When I began to draw on the iPad, I was attracted to sparkling things, like a glass cup. I drew candles and sunlight because they glow, and the iPad has a glow to it. I'm doing a window for Westminster Abbey, and I drew that on an iPad because it, too, will glow.

• I recently asked some friends to sit around a table and drew them on an iPad as they smoked and talked. I never asked them to stay still. On an iPad you can always alter things. At the Tate retrospective we're going to have screens that show playbacks of the drawings being made. It's the first time I've seen myself draw.

• I'm not impressed with virtual reality. You put on a helmet and you can look around, but you don't have a body. If you don't have a body, then who is doing the looking? When I tried one, a monster came toward me and I wanted to touch it. If it had seemed real, I would have run! It's more interesting to keep things on a flat surface. You can still pull people in that way.

Historical Perspective

david hockney
Tony Evans / Getty Images

Hockney at work, c. 1967.

Three or four years ago, I suggested to Martin Gayford that we write a history of pictures that accepts the role of technology. Art historians have never asked how a work was made. But a painter asks how. When you realize that Caravaggio used a camera obscura, it brings you closer to him.

Vermeer's paintings are exquisite. The fact that he used a camera obscura is interesting, but it doesn't make him less of a painter. I'm certain Pieter de Hooch used a camera as well, but he didn't paint like Vermeer.

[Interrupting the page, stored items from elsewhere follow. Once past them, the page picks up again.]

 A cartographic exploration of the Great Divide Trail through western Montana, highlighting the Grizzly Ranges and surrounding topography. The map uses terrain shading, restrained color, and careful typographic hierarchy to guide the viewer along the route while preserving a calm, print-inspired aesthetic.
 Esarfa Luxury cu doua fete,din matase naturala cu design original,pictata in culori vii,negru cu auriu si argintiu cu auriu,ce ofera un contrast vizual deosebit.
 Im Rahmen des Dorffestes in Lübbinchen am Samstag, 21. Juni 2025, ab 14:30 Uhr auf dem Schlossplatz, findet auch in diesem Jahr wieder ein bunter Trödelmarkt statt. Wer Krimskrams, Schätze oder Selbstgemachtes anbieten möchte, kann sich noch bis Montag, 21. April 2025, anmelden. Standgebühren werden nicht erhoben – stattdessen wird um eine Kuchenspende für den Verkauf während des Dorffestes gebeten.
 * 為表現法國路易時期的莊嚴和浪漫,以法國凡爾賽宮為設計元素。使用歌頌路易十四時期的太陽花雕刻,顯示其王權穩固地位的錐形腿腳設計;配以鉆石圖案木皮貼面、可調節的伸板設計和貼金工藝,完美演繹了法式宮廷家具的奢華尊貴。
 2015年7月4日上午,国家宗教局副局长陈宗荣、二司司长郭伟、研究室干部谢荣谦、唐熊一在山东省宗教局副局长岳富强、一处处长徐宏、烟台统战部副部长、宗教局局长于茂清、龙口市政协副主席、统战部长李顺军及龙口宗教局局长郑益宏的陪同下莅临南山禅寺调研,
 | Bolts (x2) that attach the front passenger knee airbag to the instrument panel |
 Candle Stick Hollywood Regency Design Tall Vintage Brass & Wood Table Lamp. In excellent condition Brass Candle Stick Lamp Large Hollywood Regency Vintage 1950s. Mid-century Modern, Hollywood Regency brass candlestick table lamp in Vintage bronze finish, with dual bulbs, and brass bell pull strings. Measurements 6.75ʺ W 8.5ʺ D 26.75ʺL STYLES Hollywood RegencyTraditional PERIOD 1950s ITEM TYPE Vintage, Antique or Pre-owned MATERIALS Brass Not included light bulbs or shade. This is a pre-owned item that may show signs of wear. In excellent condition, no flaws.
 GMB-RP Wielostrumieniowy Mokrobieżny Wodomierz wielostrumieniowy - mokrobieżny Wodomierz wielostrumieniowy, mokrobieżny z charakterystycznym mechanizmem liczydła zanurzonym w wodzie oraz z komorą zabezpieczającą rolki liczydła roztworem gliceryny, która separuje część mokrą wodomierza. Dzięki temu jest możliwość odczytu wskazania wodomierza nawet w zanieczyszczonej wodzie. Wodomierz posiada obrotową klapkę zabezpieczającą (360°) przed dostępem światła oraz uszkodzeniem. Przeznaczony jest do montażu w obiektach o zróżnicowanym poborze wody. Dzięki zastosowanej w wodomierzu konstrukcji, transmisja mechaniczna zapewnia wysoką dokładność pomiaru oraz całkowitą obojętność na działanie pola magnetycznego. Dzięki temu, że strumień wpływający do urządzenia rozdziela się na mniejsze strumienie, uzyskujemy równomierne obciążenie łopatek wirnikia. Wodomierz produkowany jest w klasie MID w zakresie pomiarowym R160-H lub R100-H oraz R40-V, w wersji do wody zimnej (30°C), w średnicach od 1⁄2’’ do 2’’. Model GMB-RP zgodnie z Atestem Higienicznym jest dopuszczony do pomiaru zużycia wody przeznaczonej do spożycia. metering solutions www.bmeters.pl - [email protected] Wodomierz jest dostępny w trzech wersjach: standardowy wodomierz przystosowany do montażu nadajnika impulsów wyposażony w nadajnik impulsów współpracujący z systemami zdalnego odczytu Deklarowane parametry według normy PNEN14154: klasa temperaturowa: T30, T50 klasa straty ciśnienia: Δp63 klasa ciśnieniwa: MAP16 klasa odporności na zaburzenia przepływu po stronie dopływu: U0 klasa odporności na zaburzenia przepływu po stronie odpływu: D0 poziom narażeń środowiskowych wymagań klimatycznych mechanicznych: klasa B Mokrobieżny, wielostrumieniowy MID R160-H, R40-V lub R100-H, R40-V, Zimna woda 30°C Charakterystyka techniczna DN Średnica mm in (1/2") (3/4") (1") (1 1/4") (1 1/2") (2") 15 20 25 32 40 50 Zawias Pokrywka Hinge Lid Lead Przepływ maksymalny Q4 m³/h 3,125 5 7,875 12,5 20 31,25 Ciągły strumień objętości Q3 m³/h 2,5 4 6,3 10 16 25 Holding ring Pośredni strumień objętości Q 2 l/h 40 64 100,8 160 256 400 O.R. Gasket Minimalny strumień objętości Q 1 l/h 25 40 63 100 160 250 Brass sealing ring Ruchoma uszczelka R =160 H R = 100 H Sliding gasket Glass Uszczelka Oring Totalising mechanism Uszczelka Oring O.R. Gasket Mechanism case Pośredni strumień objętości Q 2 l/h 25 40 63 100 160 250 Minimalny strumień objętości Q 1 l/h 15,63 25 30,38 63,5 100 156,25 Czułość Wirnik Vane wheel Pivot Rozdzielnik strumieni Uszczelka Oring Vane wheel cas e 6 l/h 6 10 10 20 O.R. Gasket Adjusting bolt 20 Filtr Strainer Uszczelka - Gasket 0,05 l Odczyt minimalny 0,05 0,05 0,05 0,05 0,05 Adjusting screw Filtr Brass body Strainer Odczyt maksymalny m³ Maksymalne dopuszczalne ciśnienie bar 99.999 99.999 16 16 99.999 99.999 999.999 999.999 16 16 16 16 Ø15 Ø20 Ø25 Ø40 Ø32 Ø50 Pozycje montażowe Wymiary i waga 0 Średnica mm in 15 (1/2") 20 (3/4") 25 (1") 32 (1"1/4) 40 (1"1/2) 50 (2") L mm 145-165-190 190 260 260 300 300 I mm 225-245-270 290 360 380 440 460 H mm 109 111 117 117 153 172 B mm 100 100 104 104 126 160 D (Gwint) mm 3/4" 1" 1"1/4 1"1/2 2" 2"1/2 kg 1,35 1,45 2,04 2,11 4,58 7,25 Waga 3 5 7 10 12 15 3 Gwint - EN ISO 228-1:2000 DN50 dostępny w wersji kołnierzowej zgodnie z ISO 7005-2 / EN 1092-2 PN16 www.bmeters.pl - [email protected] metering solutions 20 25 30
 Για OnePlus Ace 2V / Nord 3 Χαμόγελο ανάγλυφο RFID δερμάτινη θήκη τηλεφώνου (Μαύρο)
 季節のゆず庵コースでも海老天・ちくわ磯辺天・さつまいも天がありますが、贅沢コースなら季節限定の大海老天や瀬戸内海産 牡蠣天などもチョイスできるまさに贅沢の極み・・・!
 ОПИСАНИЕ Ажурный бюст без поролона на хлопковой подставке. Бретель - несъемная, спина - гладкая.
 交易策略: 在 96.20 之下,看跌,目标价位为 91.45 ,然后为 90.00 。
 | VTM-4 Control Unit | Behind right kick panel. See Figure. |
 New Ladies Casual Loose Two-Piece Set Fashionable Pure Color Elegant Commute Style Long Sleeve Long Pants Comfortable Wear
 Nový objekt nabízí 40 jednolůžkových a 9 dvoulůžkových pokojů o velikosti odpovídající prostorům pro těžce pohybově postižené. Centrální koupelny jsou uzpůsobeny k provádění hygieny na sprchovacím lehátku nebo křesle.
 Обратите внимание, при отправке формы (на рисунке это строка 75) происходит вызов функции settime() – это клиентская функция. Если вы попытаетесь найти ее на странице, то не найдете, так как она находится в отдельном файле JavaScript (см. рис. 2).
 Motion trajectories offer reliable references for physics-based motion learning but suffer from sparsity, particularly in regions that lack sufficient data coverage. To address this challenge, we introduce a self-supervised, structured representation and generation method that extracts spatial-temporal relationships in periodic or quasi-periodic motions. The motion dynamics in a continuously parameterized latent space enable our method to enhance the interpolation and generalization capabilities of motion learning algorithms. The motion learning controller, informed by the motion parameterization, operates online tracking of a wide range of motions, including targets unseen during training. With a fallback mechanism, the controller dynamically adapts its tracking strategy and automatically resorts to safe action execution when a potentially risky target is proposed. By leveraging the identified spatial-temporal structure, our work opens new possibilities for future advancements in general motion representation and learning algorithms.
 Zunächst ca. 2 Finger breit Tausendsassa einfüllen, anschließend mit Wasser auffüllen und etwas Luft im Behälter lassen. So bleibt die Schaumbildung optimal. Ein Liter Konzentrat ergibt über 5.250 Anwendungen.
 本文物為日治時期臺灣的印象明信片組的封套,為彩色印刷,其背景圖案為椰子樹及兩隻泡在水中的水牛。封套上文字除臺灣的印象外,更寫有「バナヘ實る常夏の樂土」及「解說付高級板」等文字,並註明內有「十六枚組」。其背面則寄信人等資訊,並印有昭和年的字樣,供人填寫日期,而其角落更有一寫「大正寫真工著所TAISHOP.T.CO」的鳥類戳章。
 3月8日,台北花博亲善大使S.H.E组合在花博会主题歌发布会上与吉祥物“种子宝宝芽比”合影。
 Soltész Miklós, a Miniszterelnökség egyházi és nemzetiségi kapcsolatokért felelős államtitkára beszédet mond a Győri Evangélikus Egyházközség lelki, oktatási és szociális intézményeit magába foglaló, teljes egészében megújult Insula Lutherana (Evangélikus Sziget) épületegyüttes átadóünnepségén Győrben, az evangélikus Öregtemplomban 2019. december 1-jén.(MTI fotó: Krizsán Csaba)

I was in Beijing last year. The National Museum of China has a big screen that projects a marvelous animation of an ancient scroll. Previously only one or two people could see a scroll at a time, but now a few hundred can see it at once. So the Chinese are going to discover their ancient art in a new way. China absorbed the Western ways of seeing— television and photography. Now it can go both backward and forward.

First Steps

david hockney a bigger splash
David Hockney Collection Tate, London From David Hockney, A Bigger Book

"A Bigger Splash," 1967

I'm thinking of doing a Taschen book of Rembrandt's drawings that would blow them up, because they're quite small. Every one of his drawings is marvelous. Every face is different. His drawing of a family teaching a child to walk is a virtuoso drawing. People today are photographing this sort of thing, but most of the photographs will be mawkish. They won't capture what Rembrandt conveys through his empathy.

I just did some drawings of my housekeeper teaching her one-year-old daughter to walk. Ordinary life doesn't change much, does it?